My Trouble Maker Secret Husband
Rencana menyatukan ayah



Setelah beberapa bulan perut Allea semakin membesar Max tidak bisa kemana pun kecuali kuliah karena Allea akan selalu menempel padanya, berbeda dengan anaknya Gibran masih tak menemui Ririn meskipun dia merindukannya


Ririn tidak pernah menemui Gibran setelah pengusiranya tempo hari, Ririn merasa mungkin saja Gibran marah padanya karena anaknya menyebabkan Allea dan Max terluka padahal dirinya tidak tahu apapun dan tidak bersalah dalam hal ini


Hari ini Allea jadwal periksa ke rumah sakit di usia kandungannya yang menginjak tujuh bulan dia selalu di kelilingi  keluarga yang begitu mencintainya, semua anggota keluarganya turut mengantar Allea tak terkecuali Oma, Danendra dan Cindy


"Ini.. Kenapa sebanyak ini? " Tanya Ririn ketika semuanya masuk


"Kami keluarganya" Jawab Oma


"Maaf ibu demi kenyamanan sebaiknya hanya calon ibu dan ayahnya saja selebihnya bisa menunggu di luar" Ucap Ririn 


"Mereka saja yang keluar aku mau disini" Kekeh Oma dengan wajah merajuknya


"Tapi ma kita juga.. " Ucapan Lydia terhenti saat Oma menyergah ucapannya


"Aku tidak mau bicara dengan kalian jika kalian tidak mau mengalah" Mereka akhirnya keluar mengalah pada nenek tua itu


"Coba sekarang kita lihat apa mereka menunjukkan jenis kelaminnya atau seperti sebelumnya" Ucap Ririn karena sebelumnya jenis kelamin janin allea tidak bisa di lihat


"Mereka sangat aktif, perkembangannya juga bagus, lihat ini " Ririn menunjuk ke arah monitor


"Silahkan bangun " Allea bangun lalu turun di bantu Max


Belum sempat Ririn bicara sekeluarga itu kembali masuk ke dalam ruangan, Ririn menggeleng mempersilakan mereka mendengar berita baik yang akan dia sampaikan


"Selamat ya.. Anaknya laki-laki dan perempuan" Ucap Ririn


Sontak Max memeluk Allea begitu pun Damian memeluk Gibran sementara Oma, Cindy, Lydia dan Danendra berpelukan bersama mereka mengabaikan Ririn


"Ehemm... " Mereka melepaskan pelukannya lalu kembali menjadi menatap Ririn yang sedang tersenyum manis


"Resep obat sudah saya tulis, semoga sehat dan lancar saat melahirkan melahirkan " Ucap Ririn


"Biar ayah yang ambil kita tunggu di luar" Ucap Allea seraya mendorong ayahnya agar mendekati meja Ririn lalu memberi kode dengan matanya agar mereka semua keluar


"Kamu... "


"Please yah.. Allea mau beli minum dulu" Wajah Allea memelas hingga mau tidak mau dia menurut saja


...🥝🥝🥝🥝🥝🥝🥝🥝...


"Menurut kamu apa ayah akan menyelesaikan urusannya dengan tante Ririn dan mereka kembali bersama? " Tanya Allea


"Tidak tahu, ayah mertua tidak bisa menerima orang yang menyakiti kamu bukan?
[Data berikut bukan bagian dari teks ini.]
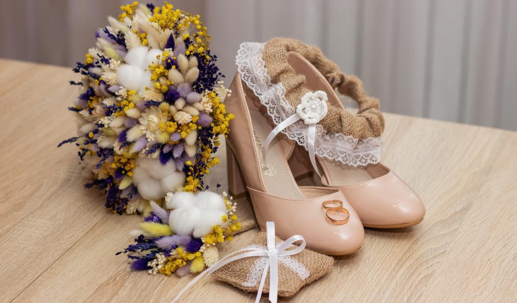 Обои Букет цветов, туфли и обручальные кольца

Aku pernah mengalaminya" Jawab Max


"Tapi sekarang dia bisa nerima kamu masa tante Ririn yang gak salah gak bisa? "


"Itu karena kamu terlalu cinta sama aku jadi ayah takut kamu gila kalo aku pergi"
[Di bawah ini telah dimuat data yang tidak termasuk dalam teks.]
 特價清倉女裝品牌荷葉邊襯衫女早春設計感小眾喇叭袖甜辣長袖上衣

"Hisshh... Jadi kamu gak cinta sama aku? " Allea memberangus kesal melipat tangannya di dada


"Enggak" Goda Max namun dengan wajah yang serius


Allea tidak lagi mengatakan apapun dia menatap keluar jendela seraya menggigit kuku ibu jarinya, Max meliriknya dari pantulan jendela terlihat Allea sedang menangis


"Mau ice cream? " Tanya Max, Allea hanya menggeleng


"Mau beli bakso, mie ayam, ayam goreng atau martabak? " Allea kembali menggeleng


"Mau cium gak? " Allea juga menggeleng


Max menepikan mobilnya di sebuah cafe dessert lalu melepaskan sabuk pengamannya juga sabuk pengaman Allea


"Kamu kenapa? " Max menyentuh tangan Allea namun di tariknya tangan tersebut


"Kamu lucu kalo lagi marah" Ucap Max sambil terkekeh


"Ayo turun tadi waktu mau berangkat siapa yang semangat banget pengen ice cream? "


"Udah gak mau" Jawabnya dengan suara bergetar


"Mau apa dong? "


"Aku gak akan minta apa apa lagi sama orang yang gak cinta sama aku, aku nanti bisa minta sama ayah" Ucapnya sambil mengusap air matanya


"Aku cuma bercanda sayang, ya kali aku gak cinta sama cewek secantik dan segemas ini" Max mencubit pipi Allea


"Kamu pergi aja atau aku aja yang turun di sini nanti ayah jemput" Ucap Allea hendak membuka pintu mobil


"Dasar anak ayah... Sayang aku becanda jangan marah"  Max menahan tangan Allea lalu mengambilnya dan menciumnya


"Lepasin.. Aku gak mau" 


"Bohong"


"Aku gak bohong aku cinta sama kamu, jangan marah ya.. Ya.. "


"Aku gak percaya"


"Supaya kamu percaya kamu minta apapun aku turutin asal jangan suruh aku pergi"


"Jangan becanda gitu lagi"


"Iya janji.. Jangan cemberut lagi dong" Max mengacungkan dua jari telunjuk dan jari tengahnya


"Mau ice cream banyak" Rengek Allea


"Oke... Sebanyak apapun yang kamu mau" Ucap Max lalu mengecup bibir Allea sebelum turun


Beberapa saat kemudian wajah Max terlihat murung dia harus pasrah ketika dia di suruh menghabiskan banyak ice cream yang di pesan istrinya


"Bawa pulang aja ya yang" Ucap Max


"Gak.. Abisin cepet aku ngantuk mau cepet cepet tidur"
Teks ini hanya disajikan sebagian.